Rick Mach, a special assistant to the city manager, told the council those involved had opted for a generic design after being quoted $3,500 as a possible cost for the legal fees and permissions necessary to use specific notes from the song on the tower. 

A generic design would still play on "Singing Hills," the name of the corridor where the tank sits.

Even without the fees, Mach told the council it will cost between $20,000 and $30,000 to put a design on the tank. The basic paint job itself, without any design, would cost $190,000 and is much-needed, he said. 

Councilman Pete Groetken said he was wary of the city covering that additional price tag.


"I have a tough time pulling the trigger with anywhere from $20,000 to $30,000 when I think the money can probably be better spent somewhere else in the overall budget," he said. Groetken later added that he doesn't have a problem if that money is privately donated. 

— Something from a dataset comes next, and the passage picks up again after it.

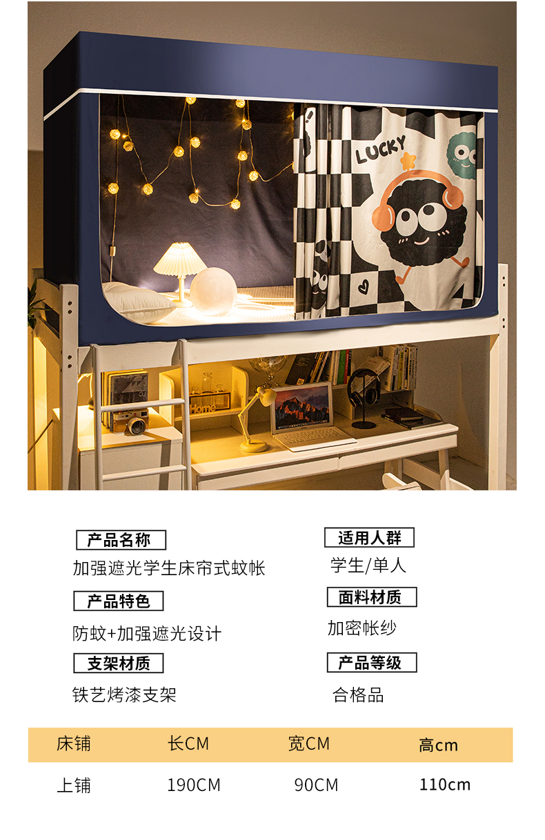 90上下铺通用(不靠墙帘):90宽*190长*90-110高(高度伸缩) | ¥95.00 |

Sioux City resident Chris Jensen urged the council not to settle for generic notes instead of the original song, saying "Sioux City Sue" would add humor and local flavor to the area. 

"The amount of money that you're talking about is a pittance when you consider the long-term effect of it," he said. "Don't spend the money to put some fictitious notes that do nothing, don't have any words. It's just scribbles on a water tower for $26,000."

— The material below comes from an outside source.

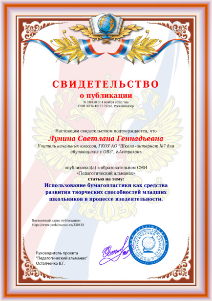 Лунина Светлана Геннадьевна Использование бумагопластики как средства развития творческих способностей младших школьников в процессе изодеятельности. / С. Г. Лунина. – Текст : электронный // Педагогический альманах : электронное СМИ. - URL: https://www.pedalmanac.ru/330418. - Дата публикации: 4 ноября 2022.

Under the council's direction, the city will again explore the cost to put notes from the song on the tank. When the city receives bids on Dec. 12, the design costs will be included as an alternate, meaning the council will look at the separate cost and can include or eliminate it from the contractor's work. 

Capron said the city had previously discussed fundraising for the project, including a potential $10,000 donation from a private party. She said even if that specific donation falls through, she plans to approach enough private donors to cover the costs. 

"I'm going to go look for six people that want to give me 5,000 bucks apiece," she said. She added that the donors' names may be placed on the tank. 

Reinvestment district

In other action, the council approved a contract with the Iowa Economic Development Authority for the Sioux City Reinvestment District.

Under the contract, Sioux City will receive $13.5 million in state funding to assist with the construction of four big-ticket projects: a 150-room hotel near the convention center, an ag expo center, Ho-Chunk's Virginia Square, and redevelopment of the Warrior Hotel and Davidson building.

The city will then have up to 20 years to repay the money through the state's portion of hotel/motel and sales taxes generated by the new properties.

Sinkhole settlement

The council also approved an $11,000 payout for partial settlement of a tort claim made by Marlus Mammen for property at 3015 Pierce St. 

According to city documents, the City experienced heavy rainfall on Aug. 26 resulting in large amounts of runoff and caused a large sinkhole to develop, which then followed utility lines to the foundation of the residence at 3015 Pierce St.